▼
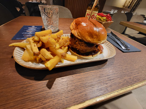 The bad: the service was very slow they were unable to give us one of the starters we ordered but still tried to charge us for it the other people dining there made the experience miserable. The place was full of shrieking drunken hen and stag parties, with one particularly lovely gentleman even throwing his beer everywhere, including over us and the people next to us. It even landed on the underside and side of the upper floor. The waiters were helplessly apologetic, rather than asking the offending party to leave. the bathrooms were a particular low point. The women's had no toilet paper or toilet seat, and the men's had faeces on the seat. I was unable to upload a photo of the disgusting state of the toilet, as Google said it violated their policies of
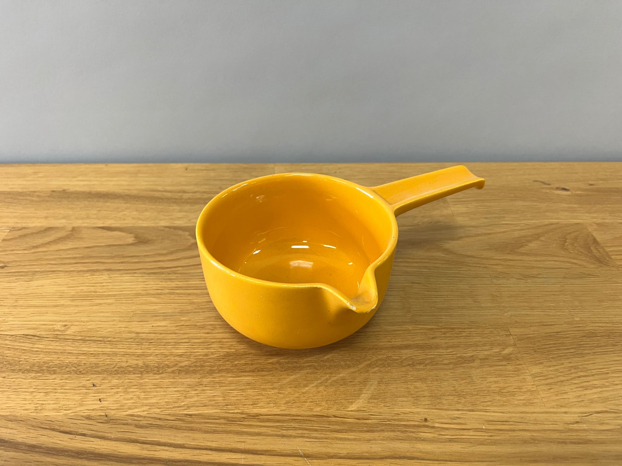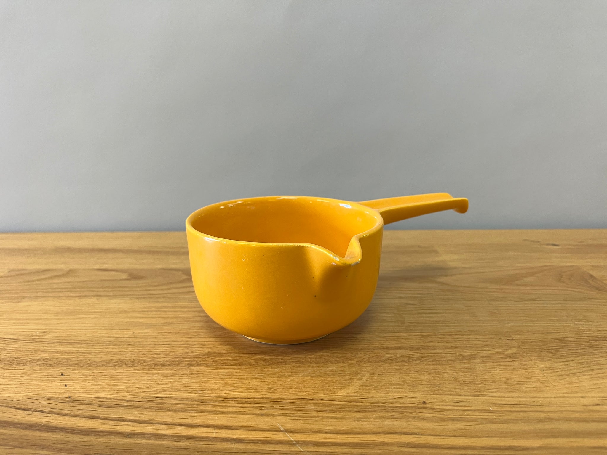 Yellow soup bowl with handle. Height 2.5", Width 7.5", Diameter approx 4.25"
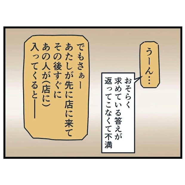問句さんも自分で相手に声を掛けて自分の中のモヤモヤを晴らすつもりはないようで、お店として相談を受けても何もできないですよね。もし自分のルールを相手に当てはめようと躍起になってしまう時は、まず自分のルールがおかしくないか、自身で振り返るようにしたいですね。
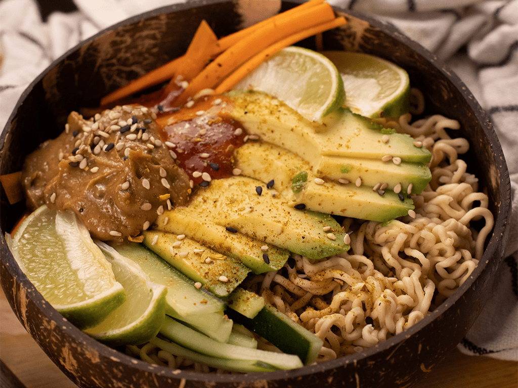 5. Die Mie Nudeln auf 2 Schüsseln verteilen, Karotten- und Gurkenstreifen hinzugeben, mit Erdnüssen und Avocado garnieren und mit dem Dressing servieren.
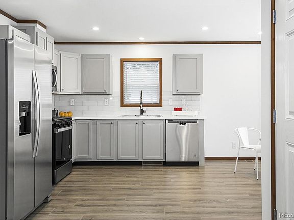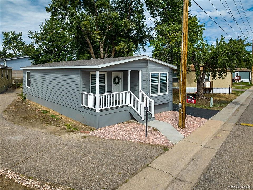 appliances in kitchen including refrigerator, stove and dishwasher. Separate area for dining room table and wide open family room area. In home separate laundry room. Ready to make your own! Love your cozy front porch! Enjoy your community amenities, including swimming pool, a new updated clubhouse coming soon, and sauna coming soon, card games, and internet café. Location, Location, Location!! This community is situated perfectly with quick access to the front range for hiking or stay local with shopping, dining and healthcare within easy reach.
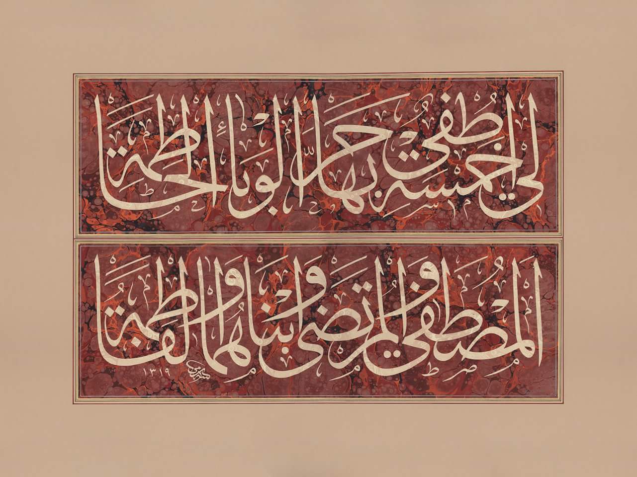 “Liy hamsetün utfiy bihâ harra’l-vebâ’i’l-hâtıme / el-Mustafâ ve’l-Murtezâve’b-nâhümâ ve’l-Fâtıme”
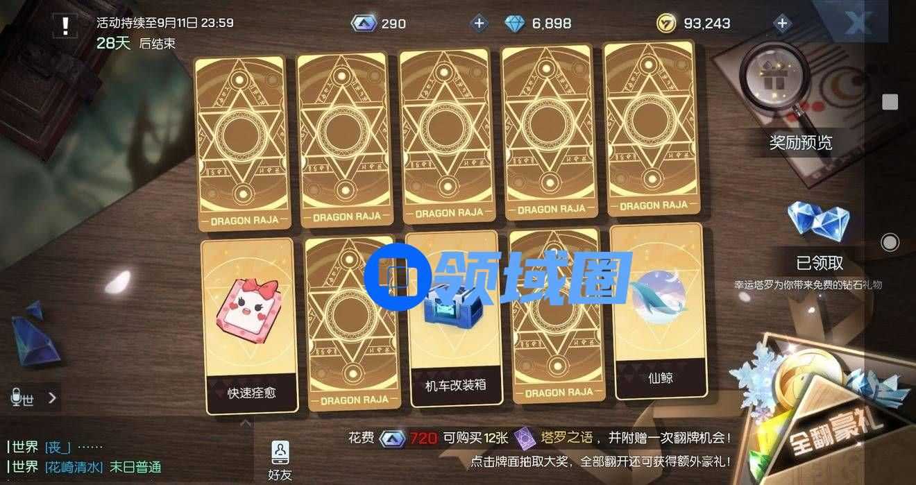 奖励总计有十种,涵盖头像框、时装、以及各种强化素材等等,而全部翻完需要总计消耗10次机会。10次所需的塔罗之语的数量分别为1、3、8、12、18、28、38、48、58、88,总计折算为18120点券。
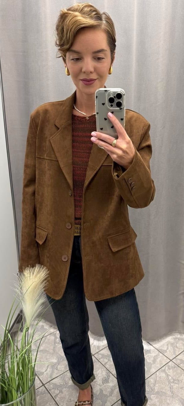Odkryj klasyczny styl w nowoczesnym wydaniu dzięki naszemu żakietowi zamszowemu w kolorze wielbłądziego brązu. Wykonany z wysokiej jakości, miękkiego zamszu ekologicznego, ten żakiet oferuje nie tylko wyjątkowy komfort noszenia, ale także trwałość i jest świadomym wyborem dla planety. Luźniejszy fason z dwoma przednimi kieszeniami i subtelnymi guzikami nadaje mu uniwersalny charakter. Możesz nosić go na co dzień, zestawiając z ulubionymi jeansami i T-shirtem, lub stworzyć bardziej elegancką stylizację, łącząc go z dopasowanymi spodniami i koszulą. Ten żakiet to doskonały wybór dla kobiet, które cenią sobie elegancję, ponadczasowy design i odpowiedzialną modę.
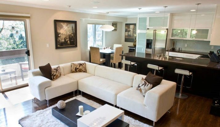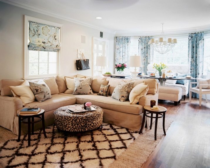 Apskritai kampinės sofos yra skirtingos daugiafunkciškumas. Dideli modeliai turi papildomų lentynų, esančių galinėje pusėje. Tai labai patogu, be to, interjero išvaizda negadina, nes lentynos yra nematomoje zonoje.
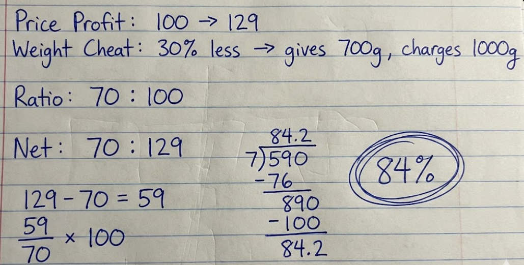 If a trader claims profit = (p%) and gives (x%) less weight, then
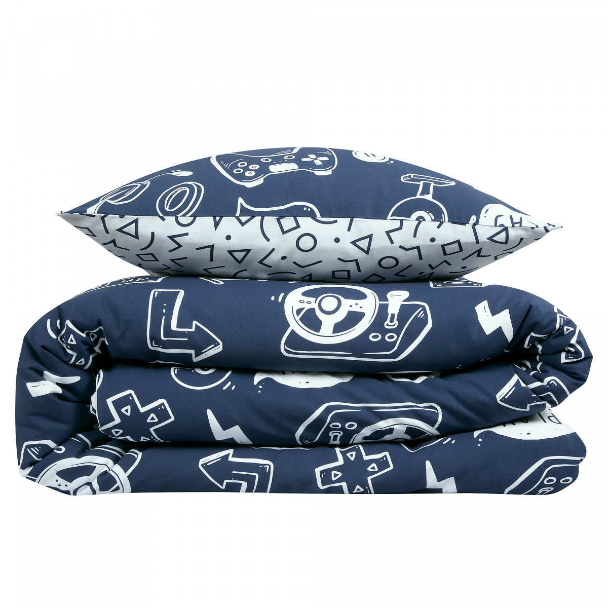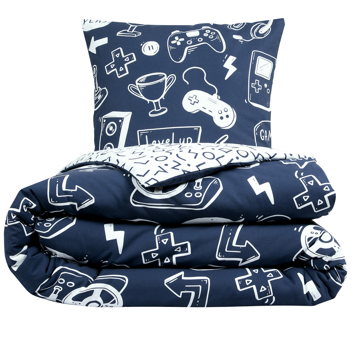 Avec son imprimé blanc inspiré de l'univers gaming sur un fond bleu marine, cette parure plonge votre espace dans une ambiance dynamique et moderne. Parfaite pour les amateurs de jeux vidéos, elle apporte une note originale tout en s'intégrant facilement à votre décoration.
▲
What needs to be done
Leave the pictures out, and transcribe exactly the lines above starting at the one that contains "5. Die Mie Nudeln" and ending at the one that contains "hamsetün utfiy bihâ".

Output of the task
 5. Die Mie Nudeln auf 2 Schüsseln verteilen, Karotten- und Gurkenstreifen hinzugeben, mit Erdnüssen und Avocado garnieren und mit dem Dressing servieren.
 appliances in kitchen including refrigerator, stove and dishwasher. Separate area for dining room table and wide open family room area. In home separate laundry room. Ready to make your own! Love your cozy front porch! Enjoy your community amenities, including swimming pool, a new updated clubhouse coming soon, and sauna coming soon, card games, and internet café. Location, Location, Location!! This community is situated perfectly with quick access to the front range for hiking or stay local with shopping, dining and healthcare within easy reach.
 “Liy hamsetün utfiy bihâ harra’l-vebâ’i’l-hâtıme / el-Mustafâ ve’l-Murtezâve’b-nâhümâ ve’l-Fâtıme”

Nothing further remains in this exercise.